### Linear Regression

##### Step1: Load Datasets

In [50]:
import pandas as pd
import numpy as np
import matplotlib.pyplot as plt

In [51]:
data1 = pd.read_csv("Real estate.csv")

In [52]:
data1.head()

Unnamed: 0,No,X1 transaction date,X2 house age,X3 distance to the nearest MRT station,X4 number of convenience stores,X5 latitude,X6 longitude,Y house price of unit area
0,1,2012.917,32.0,84.87882,10,24.98298,121.54024,37.9
1,2,2012.917,19.5,306.5947,9,24.98034,121.53951,42.2
2,3,2013.583,13.3,561.9845,5,24.98746,121.54391,47.3
3,4,2013.5,13.3,561.9845,5,24.98746,121.54391,54.8
4,5,2012.833,5.0,390.5684,5,24.97937,121.54245,43.1


##### Step2: Separate input and output data

In [53]:
x = data1.loc[:,'X2 house age':'X6 longitude']
y = data1['Y house price of unit area']

##### Step3: Split datasets into Testing and Training set

In [54]:
from sklearn.model_selection import train_test_split
x_train,x_test,y_train,y_test = train_test_split(x,y,test_size=.2,random_state=0)

##### Scalling Of Data

In [62]:
from sklearn.preprocessing import StandardScaler
scaler = StandardScaler()
x_train = scaler.fit_transform(x_train)
x_test = scaler.fit_transform(x_test)

##### Step4: Model Selection

In [56]:
from sklearn.linear_model import LinearRegression
lr = LinearRegression()

##### Step5: Model Training

In [57]:
lr.fit(x_train,y_train)

##### Step6: Prediction On Training Data

In [58]:
y_pred_train = lr.predict(x_train)

##### Step7: Prediction On Testing Data

In [59]:
y_pred_test = lr.predict(x_test)

##### Step8: Model Evolution

In [61]:
from sklearn.metrics import mean_absolute_error,r2_score
print(f"The MAE of Train : {mean_absolute_error(y_train,y_pred_train)}")
print(f"The MAE of Test : {mean_absolute_error(y_test,y_pred_test)}")
print(f"The r2 Score of Train : {r2_score(y_train,y_pred_train)}")
print(f"The r2 Score of Test : {r2_score(y_test,y_pred_test)}")

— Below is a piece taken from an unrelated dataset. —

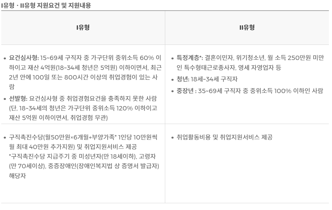 II유형은 '취업활동비용'과 '취업지원서비스'를 제공받습니다. I유형에 해당하지 않는 특정계층, 청년, 중장년 등이 지원대상입니다.

The MAE of Train : 6.301172552656106
The MAE of Test : 5.701176584068512
The r2 Score of Train : 0.5544852640330532
The r2 Score of Test : 0.6421477735370715


................................................................................................................................................................................................................................................................................................................................

### Logistic Regression

##### Step1: Load Datasets

In [63]:
data2 = pd.read_csv("heart.csv")
data2.head()

Unnamed: 0,age,sex,cp,trestbps,chol,fbs,restecg,thalach,exang,oldpeak,slope,ca,thal,target
0,52,1,0,125,212,0,1,168,0,1.0,2,2,3,0
1,53,1,0,140,203,1,0,155,1,3.1,0,0,3,0
2,70,1,0,145,174,0,1,125,1,2.6,0,0,3,0
3,61,1,0,148,203,0,1,161,0,0.0,2,1,3,0
4,62,0,0,138,294,1,1,106,0,1.9,1,3,2,0


- age – Age of the patient (in years)
- sex – Gender (1 = male, 0 = female)
- cp – Chest pain type (0–3, where 0 = typical angina, 1 = atypical angina, 2 = non-anginal pain, 3 = asymptomatic)
- trestbps – Resting blood pressure (in mm Hg)
- chol – Serum cholesterol (in mg/dl)
- fbs – Fasting blood sugar > 120 mg/dl (1 = true, 0 = false)
- restecg – Resting electrocardiographic results (0 = normal, 1 = ST-T wave abnormality, 2 = left ventricular hypertrophy)
- thalach – Maximum heart rate achieved
- exang – Exercise-induced angina (1 = yes, 0 = no)
- oldpeak – ST depression induced by exercise relative to rest
- slope – Slope of the peak exercise ST segment (0 = upsloping, 1 = flat, 2 = downsloping)
- ca – Number of major vessels (0–3) colored by fluoroscopy
- thal – Thalassemia (1 = normal, 2 = fixed defect, 3 = reversible defect)
- target – Presence of heart disease (1 = yes, 0 = no)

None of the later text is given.